Ketua Umum Mahasiswa Ikatan Pemuda Banggai Kepulauan Palu Nasrun, menilai kebijakan tersebut berdampak langsung pada beban ekonomi mahasiswa luar pulau.
Menurut Nasrun, biaya pemeriksaan kesehatan sebesar Rp65.000 bagi calon mahasiswa memang kecil. Namun yang lebih mahal justru ongkos tranportasi pulang pergi dari.
Ia menjelaskan, mahasiswa dari Banggai Kepulauan harus menanggung biaya perjalanan pulang-pergi dari daerah asal menuju Palu yang jika menggunakan transportasi rental dapat mencapai Rp300.000 sekali jalan atau sekitar Rp600.000 untuk pulang-pergi.
Selain itu, mereka juga harus mengeluarkan biaya tambahan dari desa menuju Salakan, lalu melanjutkan perjalanan ke Luwuk, hingga akhirnya tiba di Palu. Biaya hidup selama berada di Palu selama beberapa hari juga menjadi beban tambahan.
“Jika semuanya diakumulasikan, total pengeluaran yang harus ditanggung bisa mendekati Rp1.000.000. Hal ini tentu menjadi pertimbangan serius karena kebijakan tersebut secara tidak langsung memberatkan mahasiswa, khususnya yang berasal dari daerah kepulauan dengan keterbatasan akses dan kondisi ekonomi yang berbeda,” ujar Nasrun.
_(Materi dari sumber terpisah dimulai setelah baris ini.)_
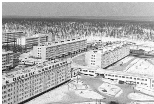
Fig. 2. The covered gallery in Udachny city (Yakutia).

There are also known Soviet projects of Arctic cities in the middle of the XX century, one of which partially realized in Udachny town in Yakutia (fig. 2).

Sementara itu, Rektor Universitas Tadulako Prof Amar ST MT IPU, saat dikonfirmasi menjelaskan bahwa kewajiban pemeriksaan kesehatan tersebut bukan kebijakan baru, melainkan telah diberlakukan sejak tahun sebelumnya.
“Iya, diwajibkan sama seperti tahun lalu, agar terdata dengan baik riwayat kesehatan mahasiswa karena mereka diasuransikan untuk kecelakaan. Jadi kalau terjadi apa-apa sudah ketahuan riwayat kesehatannya,” jelas Prof Amar.